Martha C. Nussbaum Interviewed on Fear and Democracy

The Monarchy of Fear

3:AM:  You’ve written about the emotion of fear in US politics today. First can you sketch for us what you take this fear to be about, both on the left and the right?

Martha Nussbaum: On the right, fear is about the “American Dream,” the idea that your children will do better than you did. Lower middle-class income stagnation and the way that automation and technological change have changed the nature of employment — while college education is ever more costly — lead to a sense of helplessness in that group, manifest in declining health status. On the left, people had a sense that we were moving in the right direction under Obama, but were still very worried about economic inequality. Now, under Trump, people are much more worried about that, and worried anew about race and gender issues that seemed to be doing better before.

3:AM:  So why do you say that fear is particularly bad for democratic government rather than all forms of government? Is it because you see it as eroding trust, and democracies need trust more than other forms of government?

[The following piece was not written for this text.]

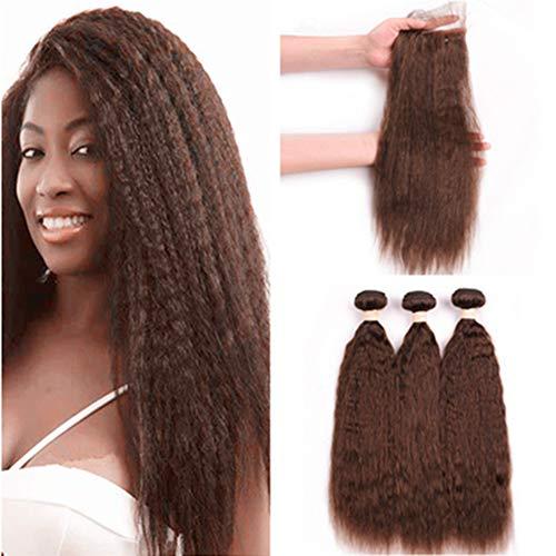 - 2)Texture:Kinky Straight Brown Hair Bundles with Closure,Coarse Yaki Hair Weaves

MN: Exactly. In an absolute monarchy, the monarch thrives on fear, and usually finds many ways to engineer fear. But in a democracy we need to look one another in the eye as equals and to work together for common goals. This requires trust, the willingness to be vulnerable to what other people do. If I’m always defending myself against you I do not trust you. Trust breeds deceit and defensiveness rather than common efforts to solve problems. So the infantile reflex of running for comfort to an all-powerful figure is a great danger to democracy, as is the flip side of that fear, also infantile, the need to control other people. Babies can’t work with other people, they can only enforce their will by yelling. That is why Freud referred to the infant as “His Majesty the Baby.” Not a good model for democratic citizenship.